DRP Overview Documentation

I’ve just pushed my first draft of an overview of the eventual Data Release Production:

The idea is that this is best visualized as a big annotated graph with tasks and datasets as nodes - but I found myself distracted by presentation issues whenever I tried to do this in an actual graphical representation, so for now I’m just writing the content of the graph nodes (both tasks and datasets) as elements in yaml files, and some day in the future we’ll figure out how to better present that.

While this is only the very first step in a big project, I think there’s enough there now that it will hopefully bring more clarity than confusion to others. But there are some huge caveats:

  • No one else has signed off on this - so right now it’s just my ramblings. To improve that, I’d like to get some early feedback from @RHL, @mjuric, and @ktl as to whether it’s mostly going in the right direction. Eventually we’ll need to make sure it’s formally consistent with other existing documentation (mostly LDM-151 and the DPDD). My intent is that this the differences will be resolved in favor of this document, as it reflects more recent thinking, but those differences of course need to be negotiated.
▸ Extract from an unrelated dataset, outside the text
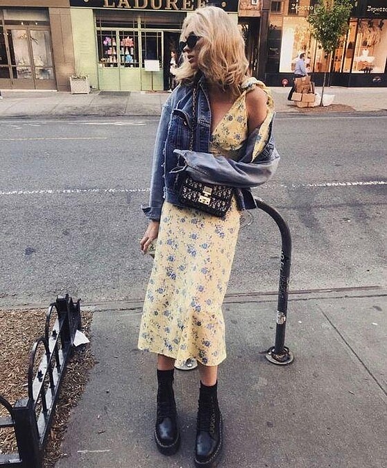 碎花洋裝搭配襪靴時尚又有個性,完美結合了柔美與摩登感,這種搭配能夠為整體造型增添時尚和個性元素,黑色襪靴是最常見且百搭的選擇!
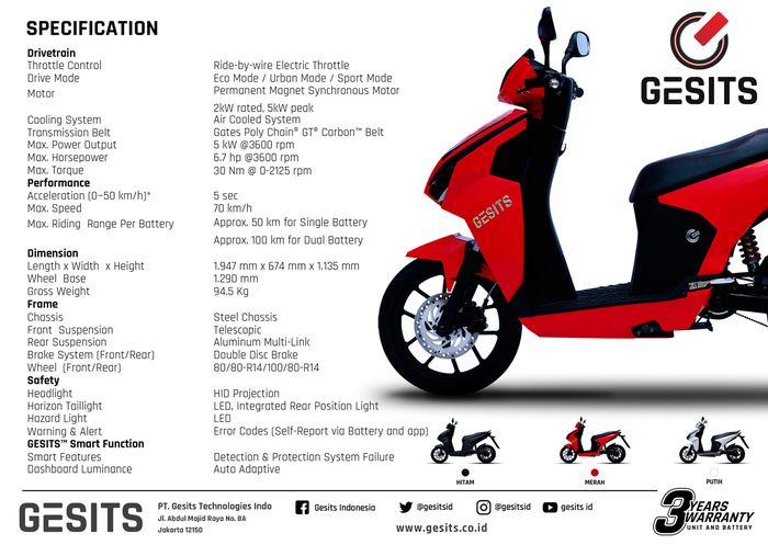 Motor listrik Gesits diklaim punya tenaga maksimal 5 kW di 3.600 rpm, atau setara 6,7 dk.

  • There isn’t necessarily a 1-1 mapping between “tasks” I imagine here and pipe.base.Task classes I expect us to write, or between “datasets” here and Butler datasets, so please don’t worry about differences in that now (especially in naming). It’s also not safe to assume that I’m using a phrase here in exactly the same way it’s used in the current pipeline. But as this design is refined and made more detailed, I would like to get to the point where these graph elements do correspond to specific code elements.

  • I clearly need to describe at least one level (probably two) levels of tasks below these top-level ones, and it’s entirely possible that will raise some issues that will require reorganizing the top level.

  • There are some natural “cycles” in the processing that this design attempts to address, and figuring these out is most of why it’s taken me so long to get this far. There are many other ways to resolve these cycles, and while I think I’ve made sensible choices, I had no illusion that they’re unique or even optimal.

  • The calibration products pipeline is not included, and some datasets are really just grab-bag placeholders.

My immediate to-do list:

  • Cross-reference with DPDD
  • Cross-reference with LDM-151 (and WBS)
  • Calibration Products pipeline
  • Next level of detail for process_visit
  • Next level of detail for coaddition tasks, especially data flow for background matching.